Nothing else could have shown her as clearly as this that she had no relationship with this man, whatever he might think. Even if he did know her, even if he did remember everything, all that his human selves had known and felt, this person, this amalgam of memories, wasn’t someone she knew.
“Is he . . . is he well?” Moon said, breaking into Cassandra’s thoughts.
“Is he mad, do you mean?” Cassandra shook out her napkin and mopped up a few drops of wine from the table with more care than was needed as she considered the question. She laid the napkin back in her lap. “He feels True to me.” And that in itself was true, she thought.

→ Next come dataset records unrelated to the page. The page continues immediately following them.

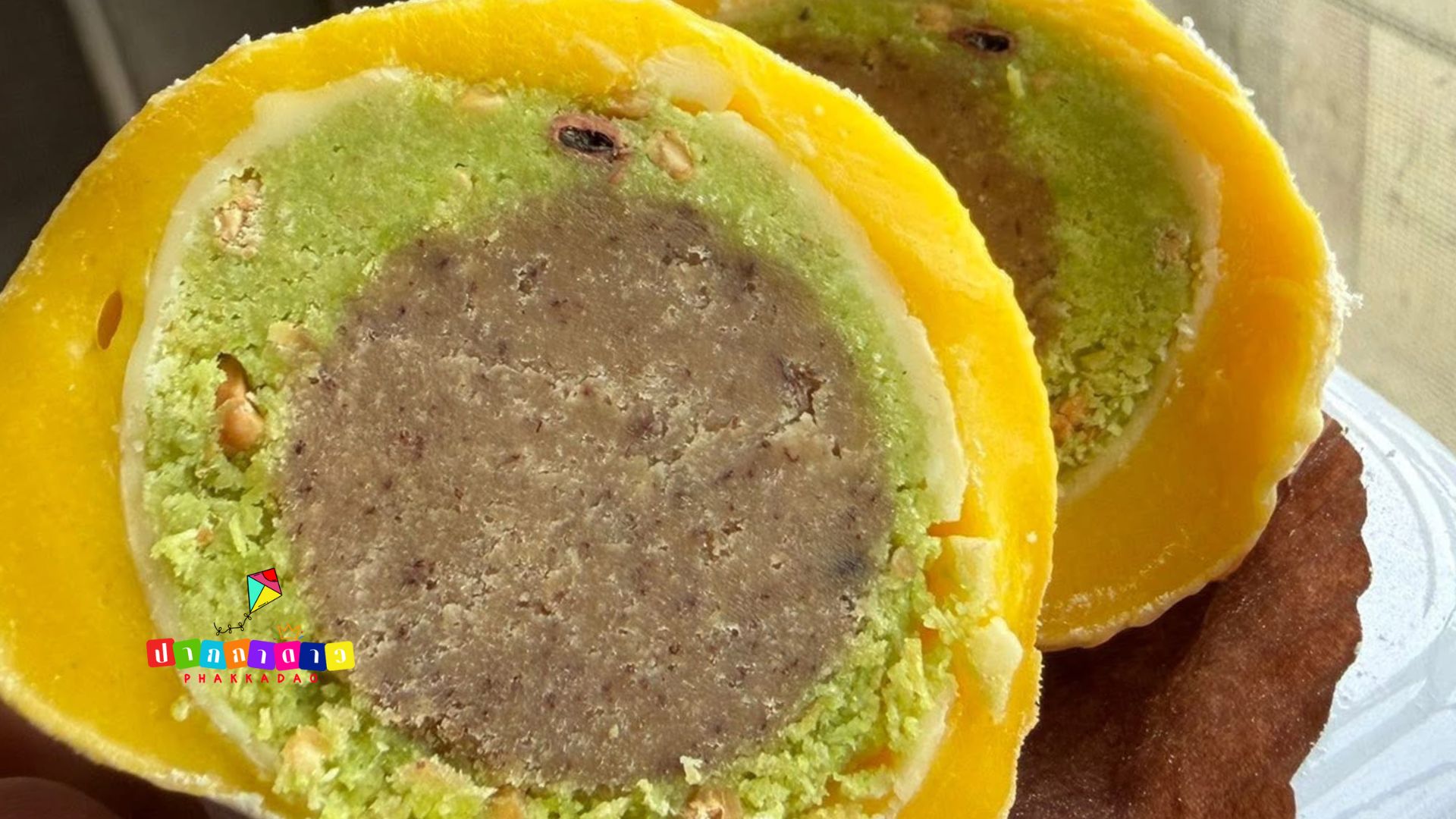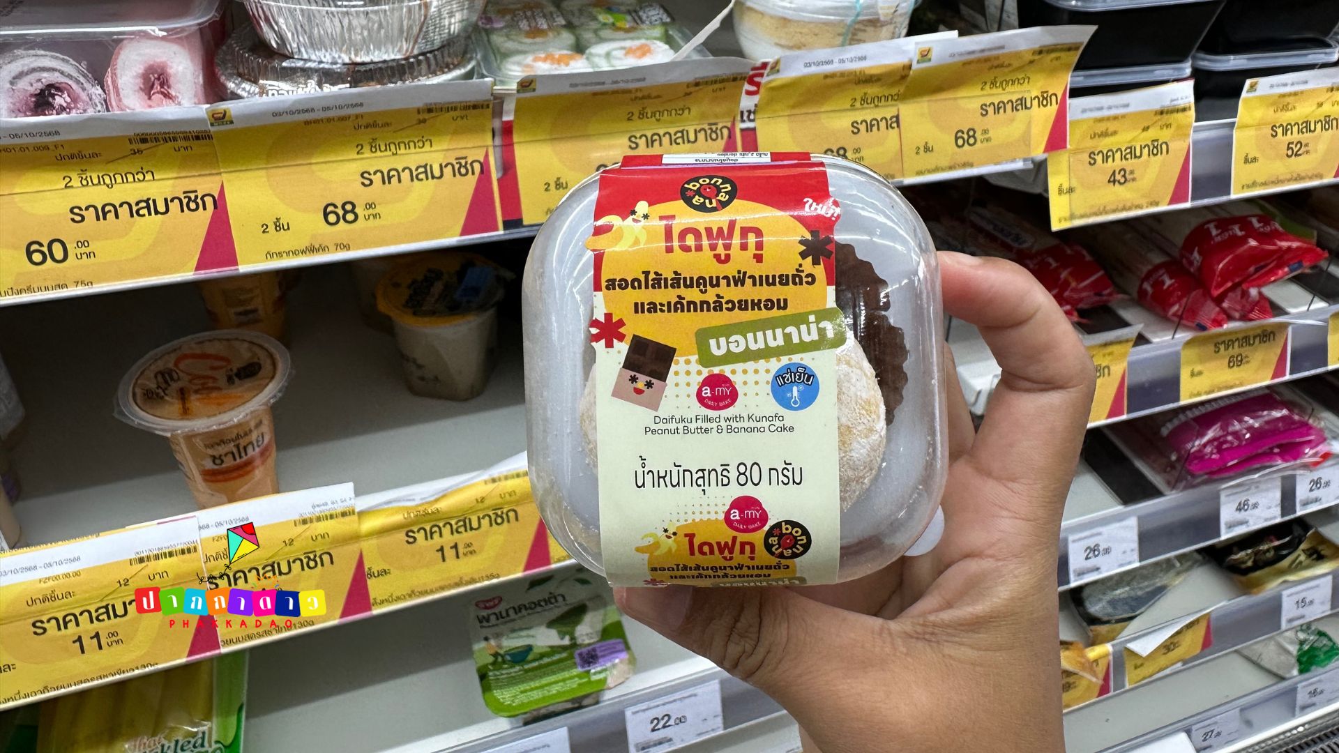 ✨ หน้าตาเหมือนไดฟูกุญี่ปุ่น แต่ข้างในซ่อนความเป็นไทย-ฟิวชั่นไว้เต็มๆ ด้านนอกเป็นแป้งนุ่มๆ ไส้ด้านในมีเค้กกล้วยหอมเนื้อแน่น หอมกล้วย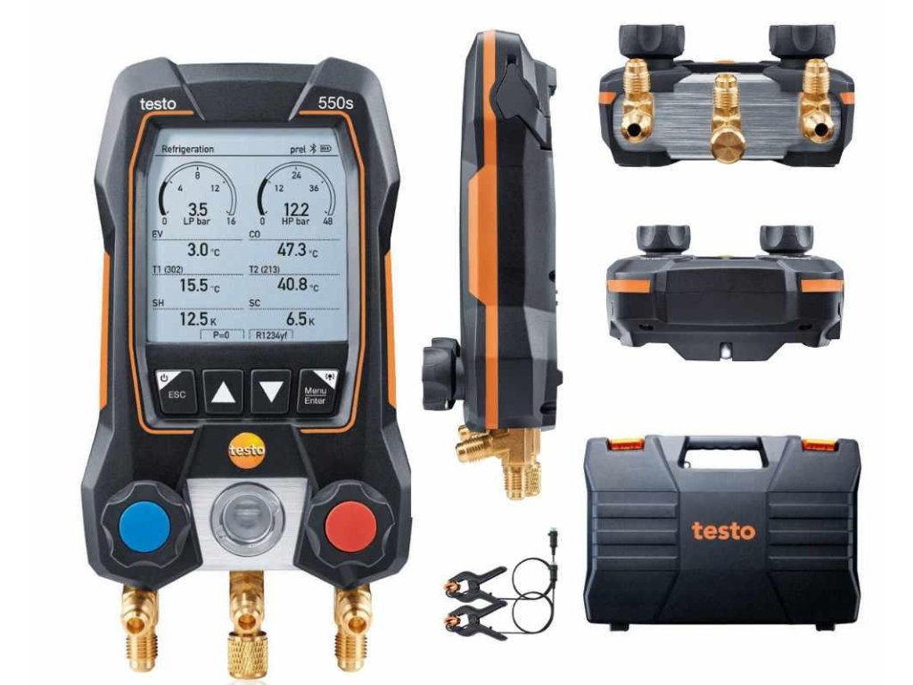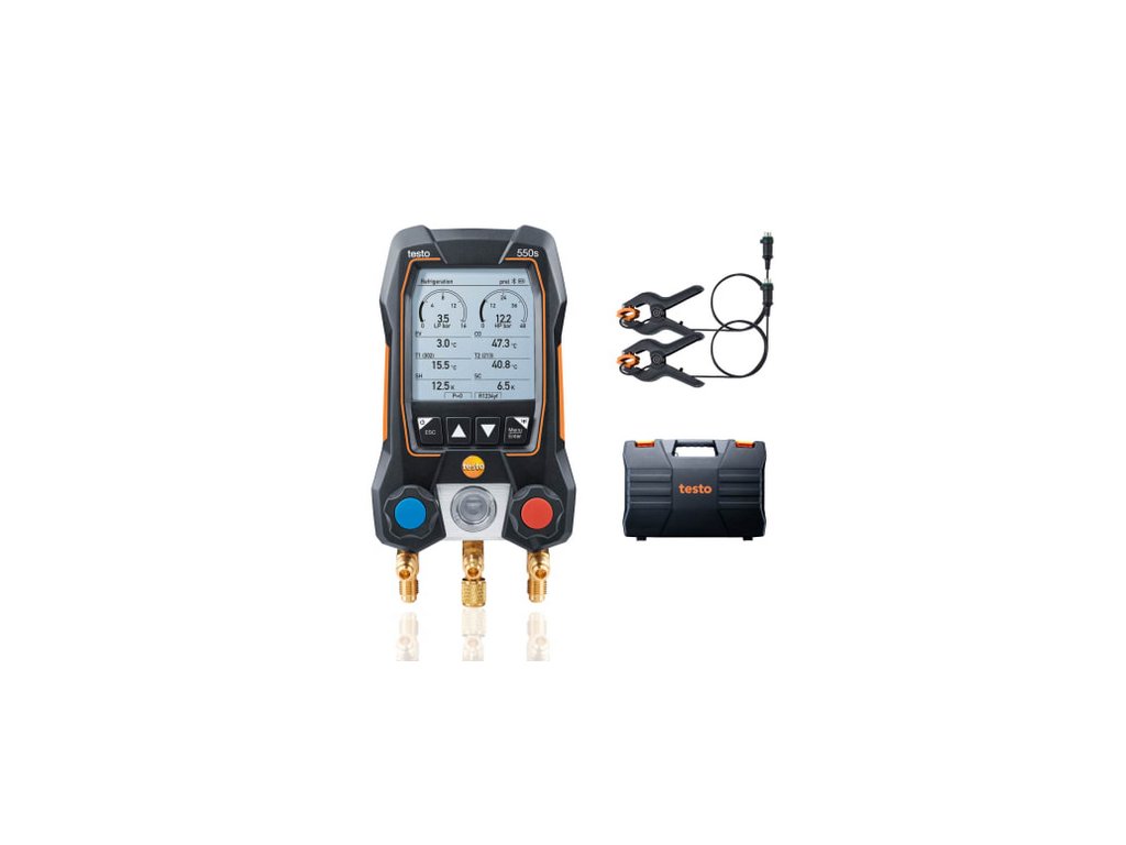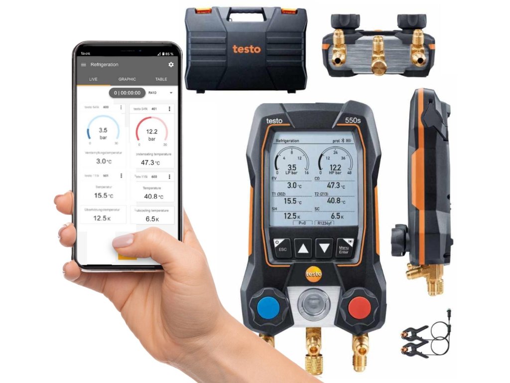 S touto sadou budete připraveni okamžitě začít měřit při uvádění do provozu, servisu a údržbě chladicích a klimatizačních zařízení a tepelných čerpadel: obdržíte elektronický držák ventilů testo 550s Bluetooth s dvoucestnou ventilovou baterií, dvě teplotní sondy na kabelu (NTC) a robustní kufřík. Další sondy Bluetooth, např. pro bezdrátové měření podtlaku s testo 552i (nutno objednat zvlášť).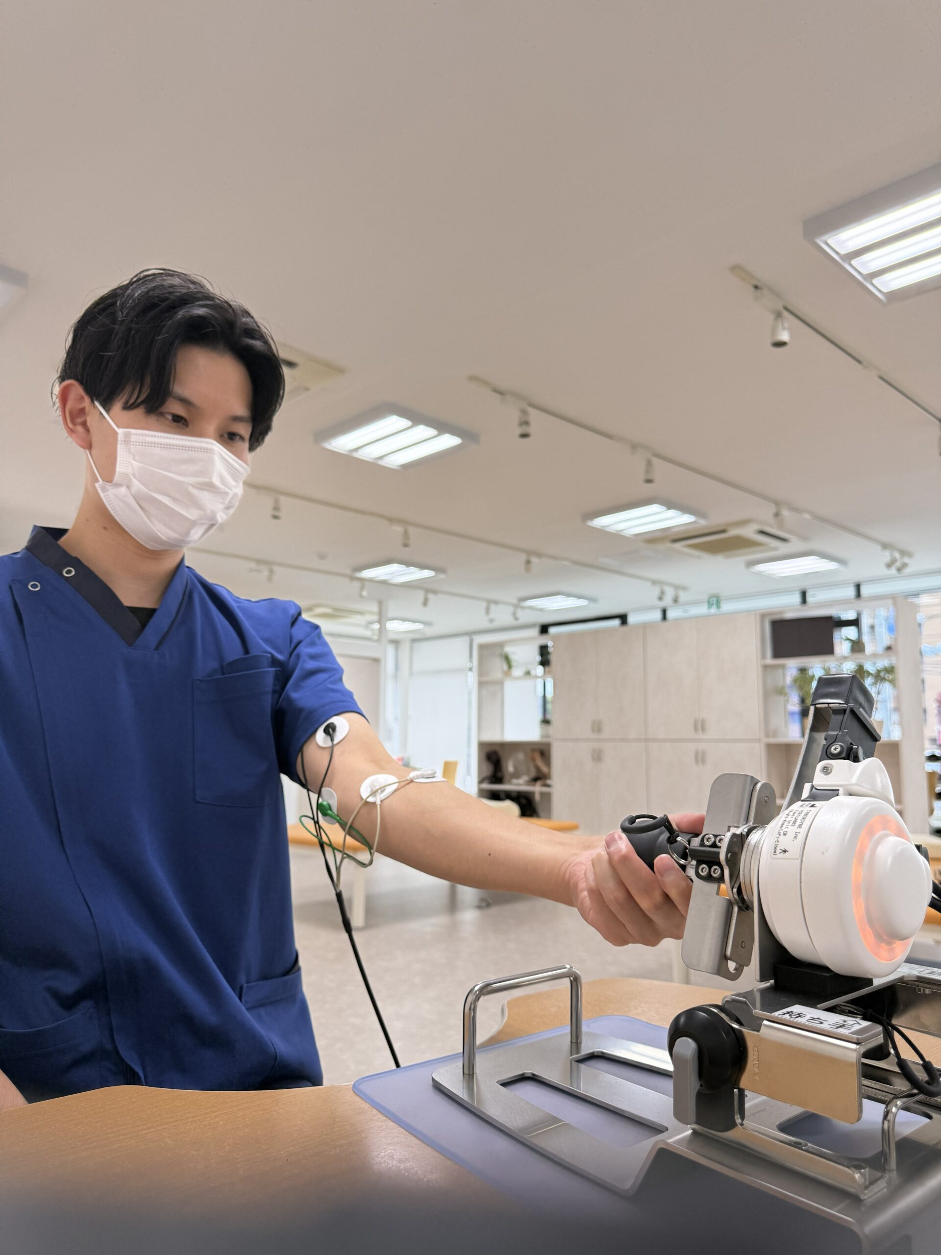 これにより、コップやタオル、ドアノブなどを扱う日常動作の回復につながります。
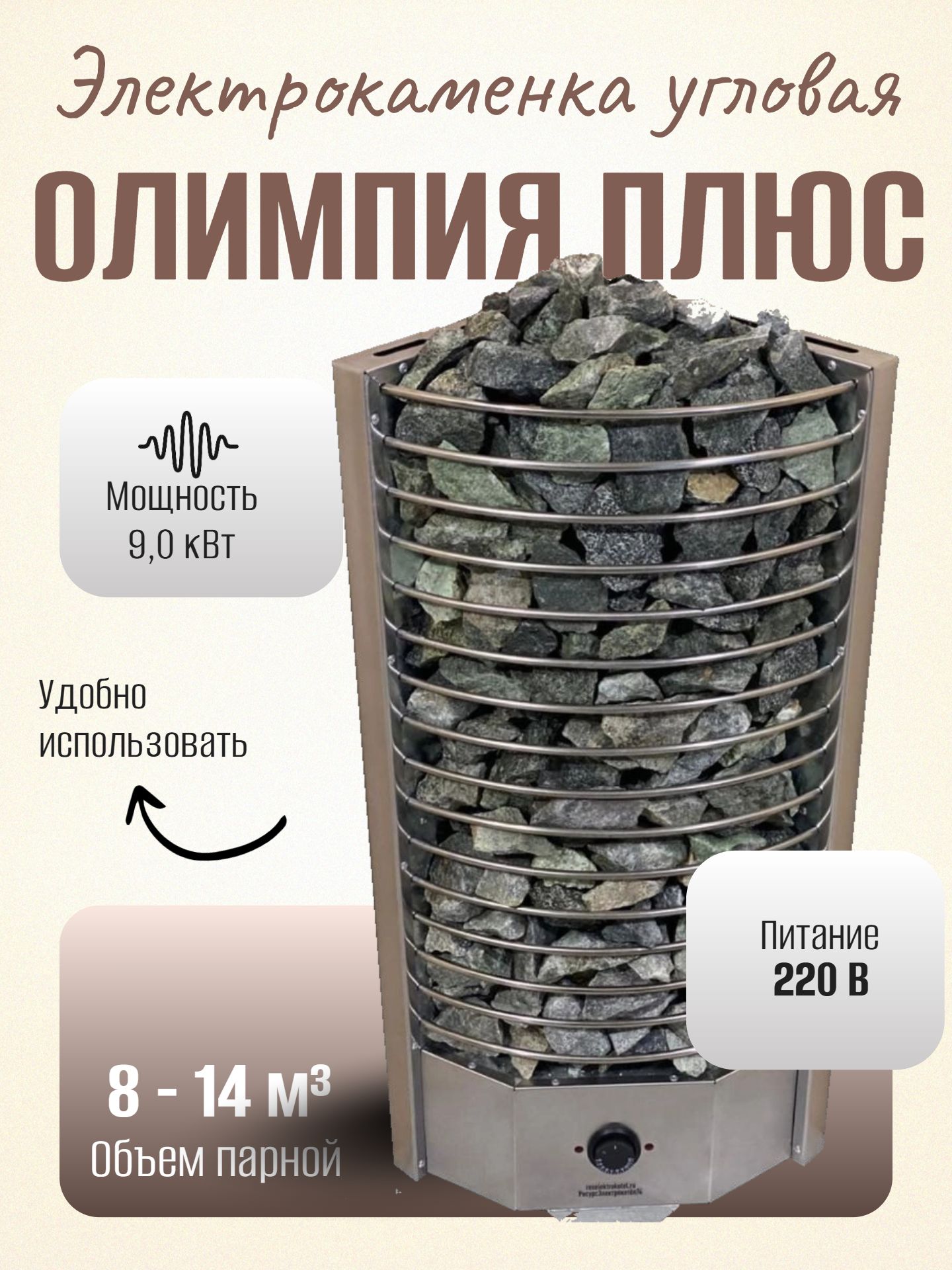 Олимпия изготовлена из высококачественной нержавеющей стали, вмещает от 55 до 75 кг камней и обеспечивает большую поверхность контакта с водой, что позволяет регулировать характер тепла от мягкого до сильного.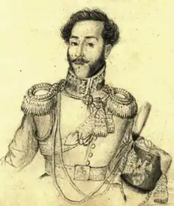These incidents rekindled nationalism in Wallachia, albeit confined to a relatively small portion of the elite, the "National Party".[17] Its roots reached back to 1798, when Scarlat Câmpineanu and other boyars founded a group of that name, inspired by the French First Republic.[18] Reconstructing the party, Ioan Câmpineanu circulated a constitutional project that would have established a crowned republic,[19] before being publicly shunned and forced into exile.[20] Lăcusteanu, at the time an officer in the Wallachian Militia, claims that: "The aristocracy and the people were Russophiles, words such as 'patriotism' and 'public opinion' were only used by the prince and a couple of boyars."[21] Nevertheless, as noted by scholar N. N. Hêrjeu: "With all their submission to the Muscovites, the boyars quickly understood that Russia only offered them apparent protection, in order to slowly strip them of their privileges. In fact, they hated both the Russians and the Turks."[22] The chronicler Zilot Românul recorded that the boyars were particularly worried by Russian tax farming, which they considered predatory.[23] Among the more powerful boyars, some also opposed the prince, but for purely personal reasons—they included Alecu Filipescu-Vulpea, who had seduced Ghica's divorcee mother, and was therefore detested by the monarch.[24]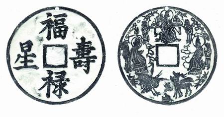 而在历代花钱中,“福”字钱占了很大的比重,如“福寿双全”、“福寿康宁”、“福寿长春”、“福寿齐天”、“福禄寿星”等,有150余种。这种“福”字钱质地大多用铜铸成,但也有少数用金、银、铝金属铸成。形制以方孔圆形为主,刻有不同风格的花纹、图案、文字,铸造工艺多样,通常都非常精美。
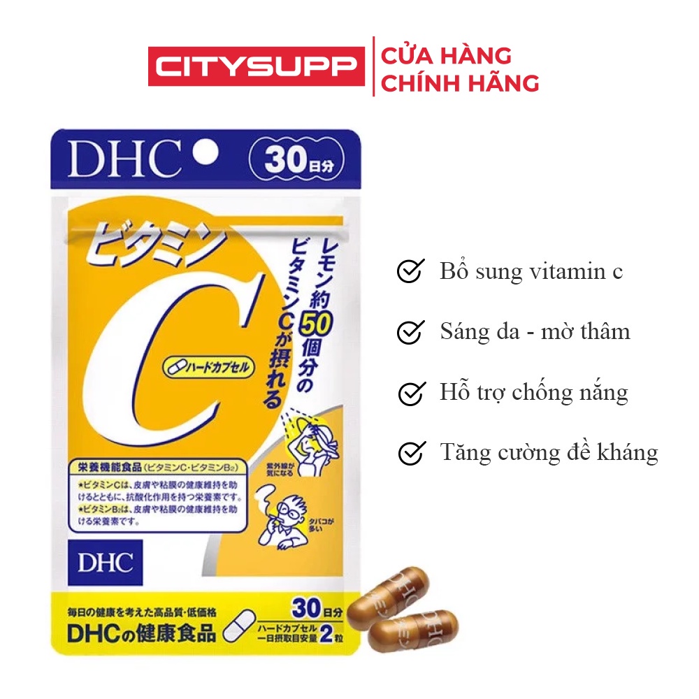 DHC Vitamin C Hard Capsule bổ sung vitamin C, vitamin B2 cho cơ thể; hỗ trợ duy trì sức khỏe của da, hỗ trợ giảm thâm da; giúp da sáng mịn.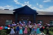 Ребята пришкольного лагеря "Солнышко" выступили перед жителями села, поздравили их с праздником. Итогом дня стала выставка открыток " Моя Родина - Россия! " -
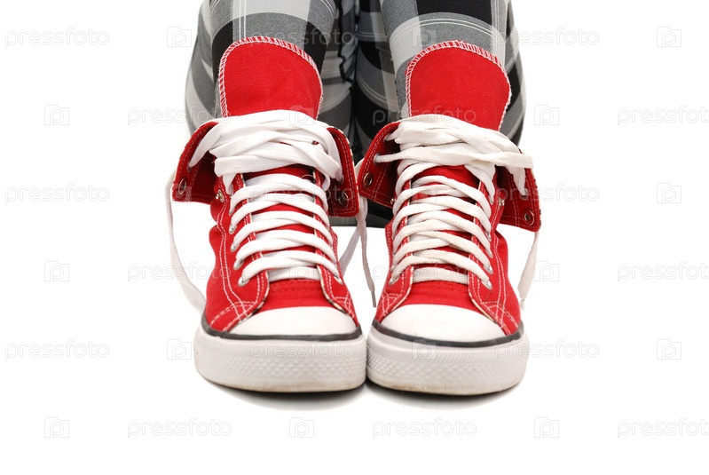 Красные кроссовки, клетчатые леггинсы. Изолированные на белом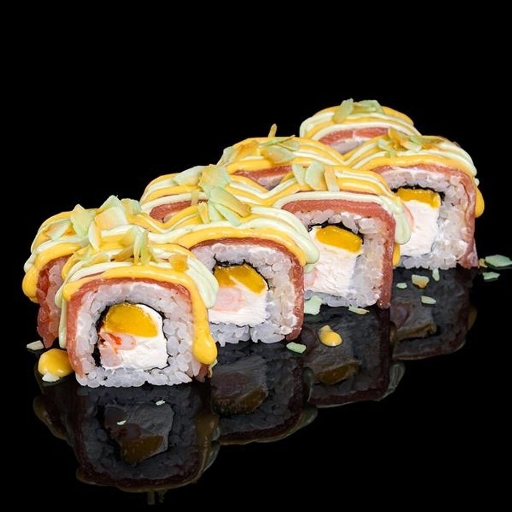 Ролл "Манговый тунец" — это гармоничное сочетание свежести и экзотики. В его составе свежий тунец и креветка тигровая, обернутые в мягкий рис и нори. Внутри ролла скрывается сливочный сыр и сочное манго, придающие блюду нежность и сладость. Дополняет вкус соус васаби с майонезом и сгущённым молоком, придающий пикантность и кремовость. Манговый майонез с имбирём и сладким чили соусом добавляют яркую нотку и пикантность, а кокосовые чипсы — хрустящую текстуру и тропическую свежесть. Этот ролл — настоящее наслаждение для любителей необычных и вдохновляющих вкусов!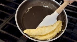 - When pushing the eggs to one side to form the omelet, a rubber spatula works best and helps prevent sticking.

“Would you be able to tell?”
Maybe that was the problem, she thought. Even if he did remember her, and love her, he wasn’t human anymore, he was a Rider now. And not just any Rider, but the Prince Guardian. She could hold her own with any human—
and any elder lord,
she thought—but she couldn’t expect to have the same easy partnership with the Prince that she’d had with his human selves. Even Max Ravenhill. That companionship was gone, and the Prince couldn’t bring it back, even if he wanted to.
And what would she do about that?
“I’ll go and check the horses,” Cassandra said.
When they came back to the sitting room, the Prince was kneeling in front of the cold hearth, arranging lengths of ash wood over kindling.
“My lord Prince—” Cassandra began.
He turned and smiled, his eyes warm. “Call me Max,” he said. “I’m serious,” he added when she hesitated, eyebrows raised. “I’m not sure I can explain it, but it feels right to me.”
Cassandra nodded, her eyes narrowed. “You’ve had good instincts in your human lives,” she said. “Let’s hope that’s true now.” She leaned against the arm of the other chair, stretched out her legs, and crossed her ankles. “What do your instincts tell you about Lightborn? Will he bring the Basilisk here?”
Max shook his head. “He’s never been here. No one has. I wouldn’t have brought even you if there had been anywhere else we could be safe.” He stood, dusting off his hands, as flames began to lick at the wood on the hearth. “Besides, the Basilisk Prince isn’t important. What matters right now is the Talismans.”